The ability of the leaseholders to export gas will be subject to the approval of the Petroleum Commissioner as well as the Energy, Water and National Infrastructures Minister, according to the lease. In any event, export will not be possible until the implementation of a development plan for supplying 540 billion cubic meters of gas from all of the country’s reservoirs to the local market.

Meanwhile, should a natural gas shortage occurs in Israel, the leaseholders will need to grant priority to the needs of the domestic market, the lease says.

In addition, all export contracts will need to include a provision clarifying that export supplies can only begin once a transmission system to Israel’s coast is complete.

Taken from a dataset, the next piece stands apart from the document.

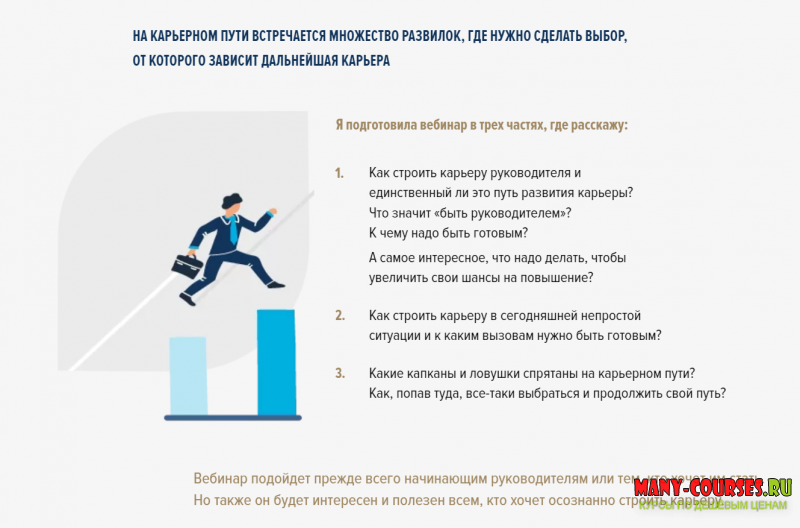 Вебинар подойдет прежде всего начинающим руководителям или тем, кто хочет им стать. Но также он будет интересен и полезен всем, кто хочет осознанно строить карьеру.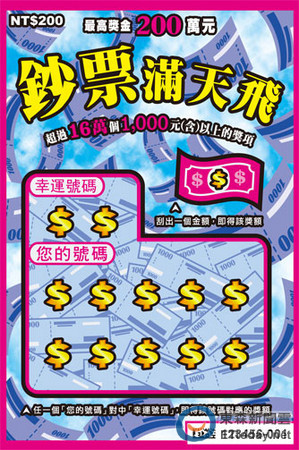 至於今日三款刮刮樂商品中,以「鈔票滿天飛」中獎率31.15%最高,票面設計以空中飛舞的千元大鈔與鋪滿鈔票的遊戲刮區為主視覺,超過16萬個1,000元(含)以上獎項,象徵鈔票從天而降,提供深受彩迷喜愛的「對幸運號碼」玩法,最高頭獎獎金200萬元!

All systems that are constructed solely for export purposes – excluding Floating Liquefied Natural Gas (F-LNG) facilities, which are separate entities – will need to be able to be connected to the national transmission system as well, to provide backup in case of emergency or shortage in Israel, the lease mandates.

The leaseholders must submit a development plan to the Petroleum Commissioner within six months upon the receipt of the lease, according to the document’s terms. As part of this task, the leaseholders will also need to submit plans for monitoring the marine environment relevant to the Leviathan field’s development.  In consultation with the Environmental Protection Ministry, the leaseholders will also need to prepare a document analyzing the potential environmental impacts of their projects, as well as steps for area rehabilitation upon the completion of their work, the lease says.

An additionally important element of the lease terms is the requirement of the leaseholders to training and employ Israelis in the emerging energy sectors. The lease thereby tasks them with submitting a detailed plan with courses of action relevant to this goal within six months. These plans must include goals, timetables and milestones for employing Israelis in the development, installation and operation of the Leviathan production system, the lease says.

Upon signing the lease, the leaseholders will need to submit guarantees in the amount of $100 million, to ensure compliance with the terms and conditions of the lease. As is legally required, the leaseholders will also need to pay the state the necessary royalties and provide all material necessary to conduct thorough and efficient audits, the lease adds.

The Energy and Water Ministry stressed that the leases were awarded as part of the ministry’s efforts “to promote energy in Israel” and “to secure the needs of the economy.”

“When formulating the conditions of the lease, the ministry saw before it the economic benefit, the future needs and the transformation into a strong market that is strong, stable and independent,” said Energy, Water and National Infrastructures Ministry direct-general Orna Hozman-Bechor. “The new market is now developing under us, and we are building it carefully, with responsibility and with a comprehensive and all-inclusive vision. Following the granting of the lease, many additional consumers will be able to connect to natural gas and will reduce their energy costs significantly. Also accompanying this will be the advancement, training and employment of Israeli workers in the sector.”

Also prior to the signing of the agreement and before the publication of the lease terms, MK Shelly Yachimovich (Labor) on Thursday morning slammed the government and the partners for not allowing members of the Knesset or the general public to know the exact terms of the final lease agreement until it was signed and delivered.

“It is no coincidence that today, at the same moment, in which the three companies celebrate the agreement among them, the state conveys to them a lease on some 30 years of gas, the Treasury grants them tax breaks and the Antitrust Commissioner allows them to be a monopoly sponsored by the law,” Yachimovich said. “This is not appropriate for a Western country, but for a banana republic in which capital and control are combined in a most vitriolic and shameless manner.”

Calling the situation a “national tragedy,” she expressed that Israel’s citizens “are being looted by private companies, as if we were a third world country.”

“These companies won the absolute cooperation of the prime minister, the energy and finance ministers and the regulators, who were supposed to preserve the interests of the public,” Yachimovich said.